We live in fear. Father says it is better to die than live like this.

I agree. It is better to die. And so I have made a decision.

After he saw what happened to Uncle Tillo, father has become very afraid. But I am not afraid. I am angry.

Uncle Tillo had helped us when mother suddenly became sicker last month. It was late at night and Uncle Tillo was over at our house talking to father about what we must do next. Mother had already been admitted to hospital a few times and on every occasion her health had improved. That night she was home and it seemed she was better.

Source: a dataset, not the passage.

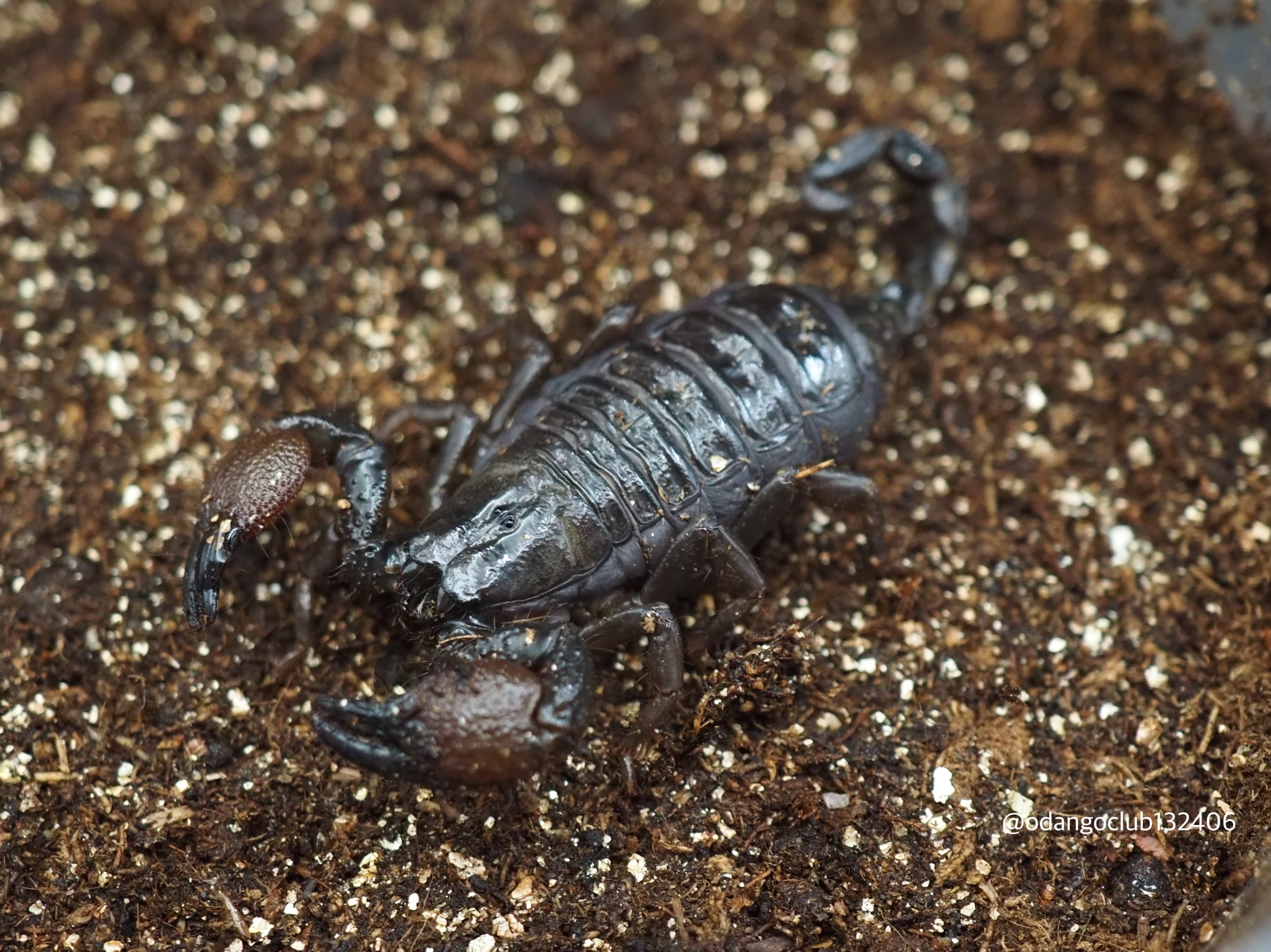 成長すると茶色の体に薄いオレンジ色の歩脚、オレンジ色のハサミの美しいサソリになります。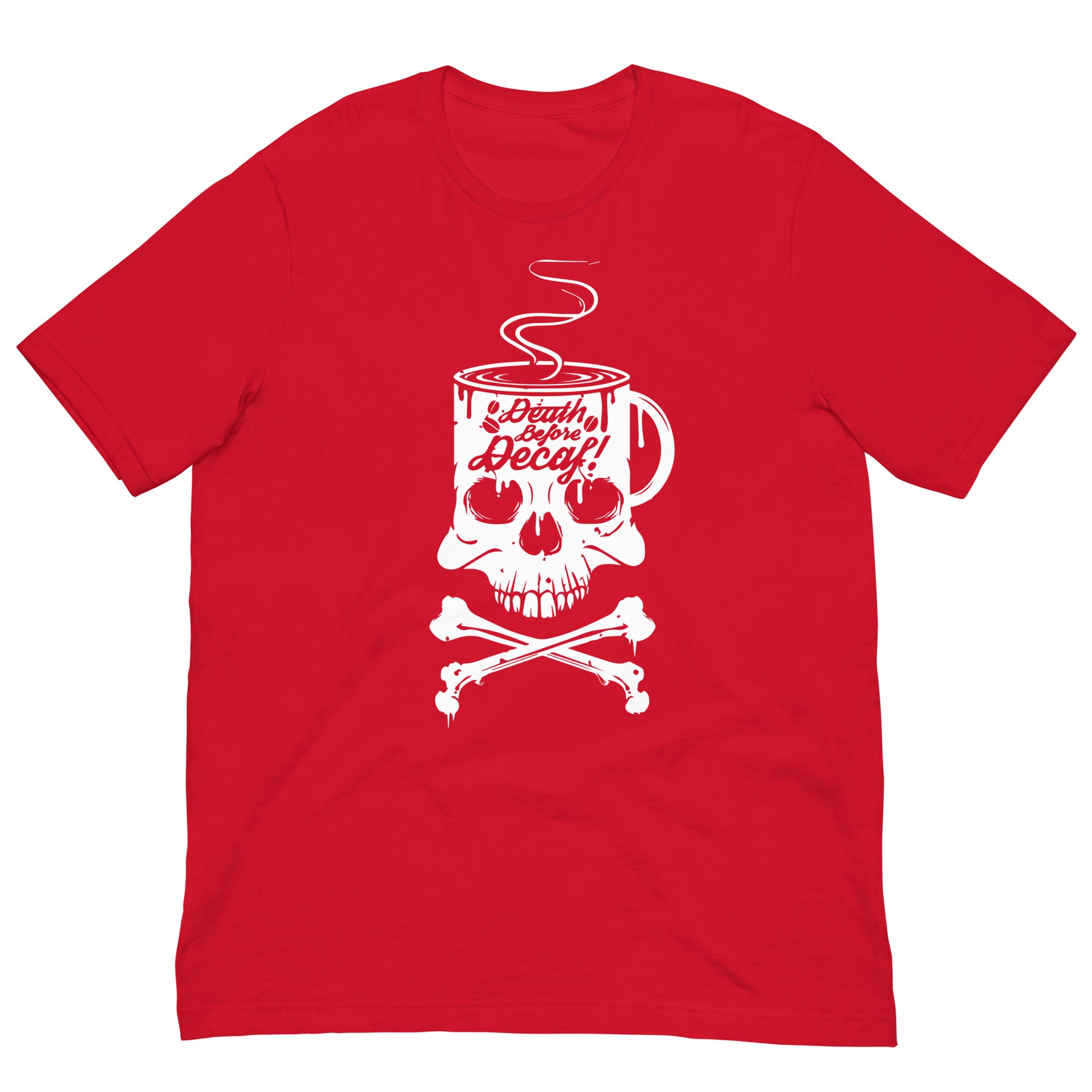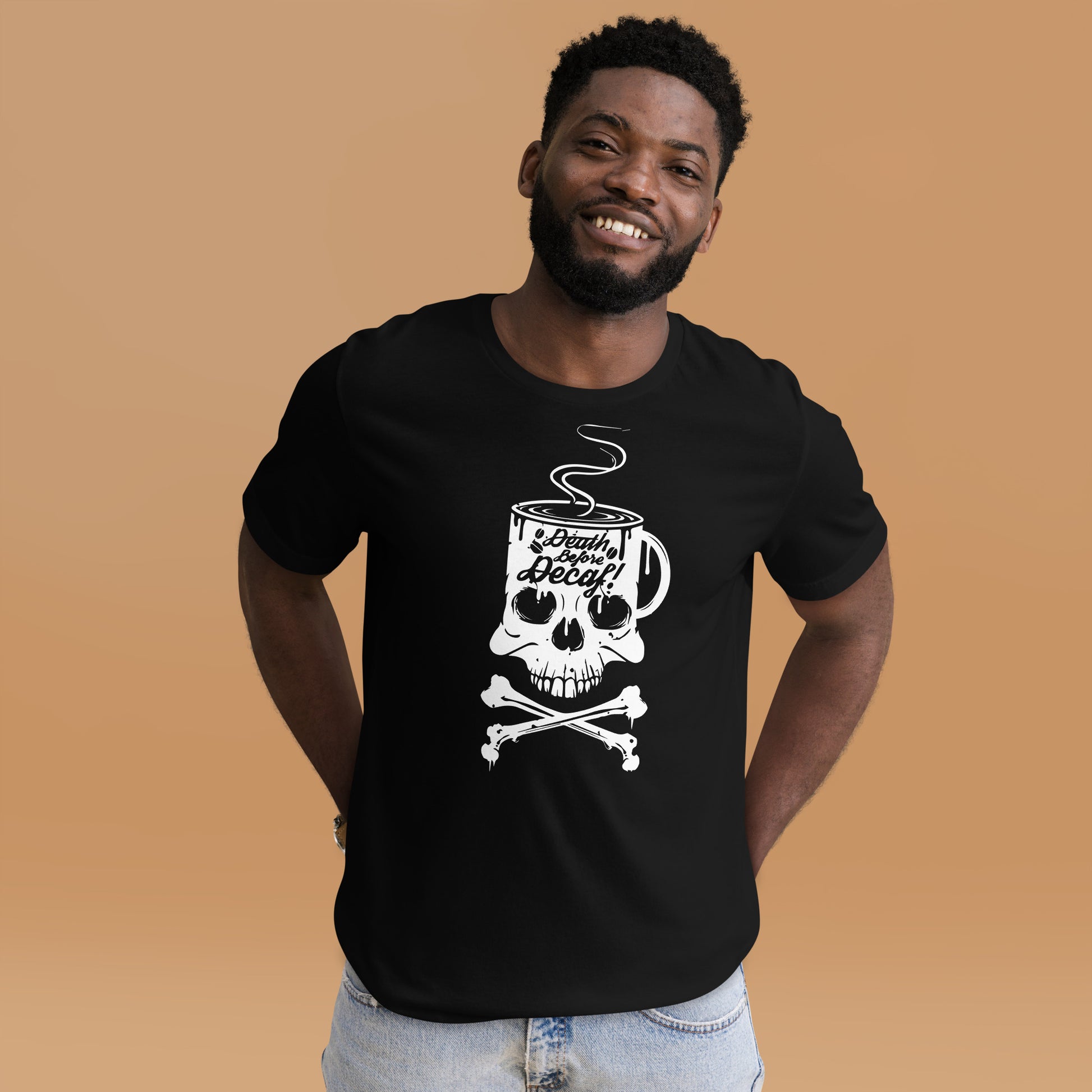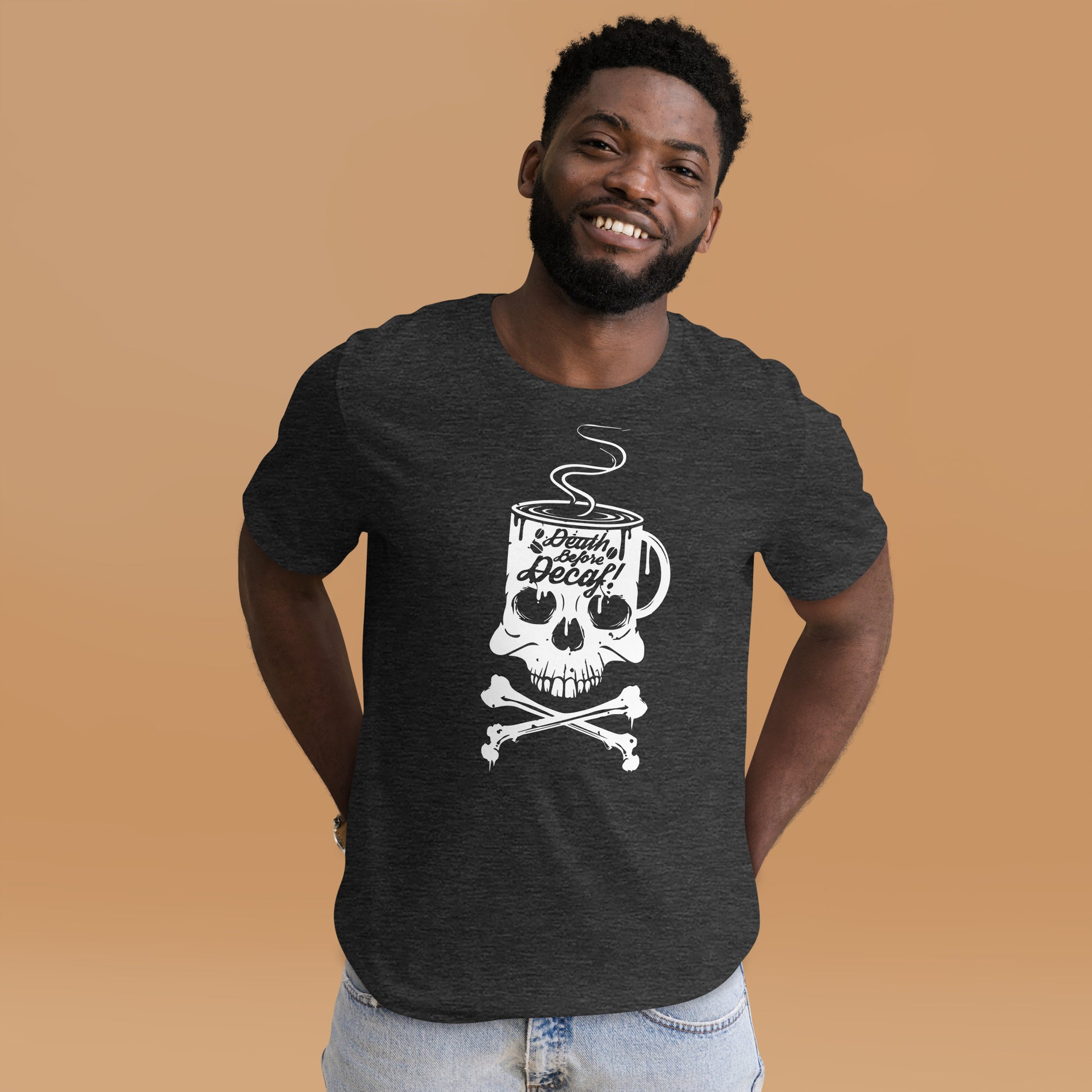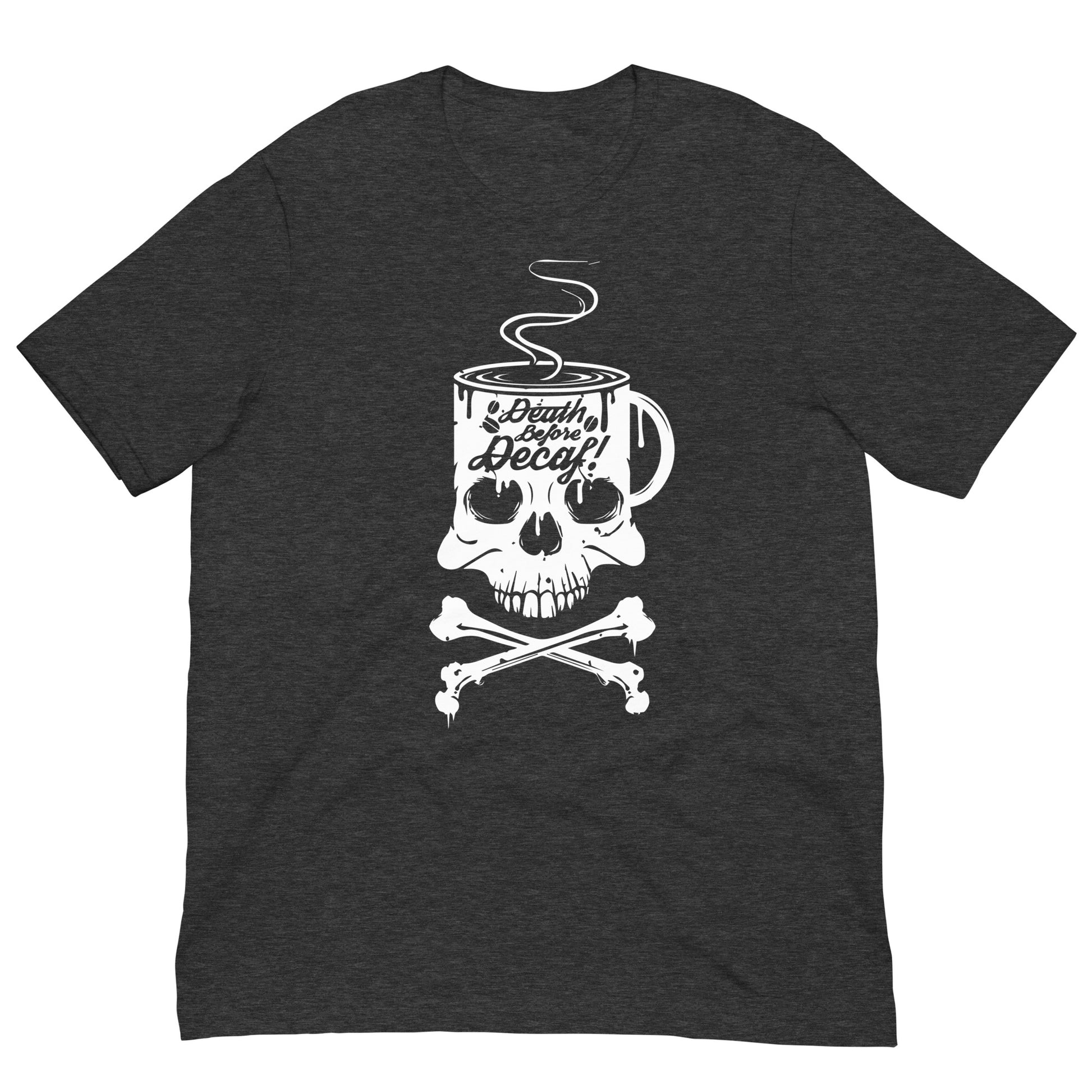 Unleash the rebel barista within you with our "Death Before Decaf" T-Shirt! It's the ultimate statement piece for those who believe life’s too short for bad coffee. This T-Shirt features a skull and crossbones with a twist—where the skull enjoys a steamy cup of the good stuff. It's not just a bold fashion choice; it's a lifestyle decree for the caffeine devotees who take their coffee like they take life: full-strength and unfiltered. Dare to wear this emblem of resistance against the tyranny of decaffeinated beverages. Perfect for those chilly mornings when only the darkest roast will do to resurrect your spirit. Get ready to rattle the coffee cups of the world with this audacious display of devotion to the bean!This t-shirt is everything you've dreamed of and more. It feels soft and lightweight, with the right amount of stretch. It's comfortable and flattering for all.

But some time after midnight, when Uncle and father were discussing her condition in the living room, she started to scream and gasp for breath. It must have been well after midnight. Uncle ran to Doctor Munshi’s house and dragged him out of bed. When the doctor came, she was no longer gasping. Her breaths were shallow, few and far between. He couldn’t save her, it was too late. Her heart had already exploded.

Father was distraught and Uncle made all the funeral arrangements. He organized the priest and bought the wood for the pyre. He held our hands through the whole ordeal.

But who was to know that only a week later Uncle himself would be lying lifeless on a bed of firewood and father would be consoling his family? He never hurt anyone in his life. He didn’t deserve to die. He died for nothing except the greed of intruders who wanted what was not theirs.

They came just before dark. There were eight of them, all Muhajirs. They came armed with knives and batons. They took up positions all around Uncle’s house. Four in the back and two in the front. Then they waited. When night had fallen and everyone was asleep they sawed the padlocks and broke in, violently shaking Uncle awake. They didn’t hurt him at first. They didn’t touch the women either. They only demanded he leave. But Uncle resisted. Then they killed him.

I know they did something to the women. Because Uncle’s wife and daughters escaped and are staying with us now. None of them speak very much and there is a vacant look in their eyes, as though they have seen evil very closely. All four of them are to leave with us on the train to Bombay in the morning. Father had to bribe the authorities to arrange tickets for them at the last minute.

A few days ago, I asked father where in Bombay are we going to go, where will we stay. We don’t know anyone there. He replied that the government has set up camps for refugees.

Refugees. That is what we will become.

The knife is in front of me. It glistens under this light I am using to write. I don’t know how many I will be able to kill. They have occupied every corner of Uncle’s house. They have a home now, after making others homeless.

But I refuse to be homeless. If they can kill, so can I.

I may not be alive tomorrow when father leaves for the train station. Father will go looking for me when he sees I am not in my bed. He will search everywhere and then he will think I have run away. My only hope is that he leaves as planned. I want my sisters to be safe.

My best friend Ramesh knows what I am about to do. He tried to talk me out of it. He said it was no use, they are too many and now this is their land. His family is also leaving soon. They are waiting for arrangements to be made. I know he will attend to my last rites when he finds my body. He will give me a proper goodbye. He is one of us.

I don’t know if there really is a God even though we have an altar at home and mother used to insist I must stand in front of it daily to pray. I am not afraid of death because if there is a God then I have an answer for when I meet him tomorrow. He will ask me why I have sinned, why I have taken the life of another. And I will tell him then that he is an impotent God. And if possible, I will kill him too.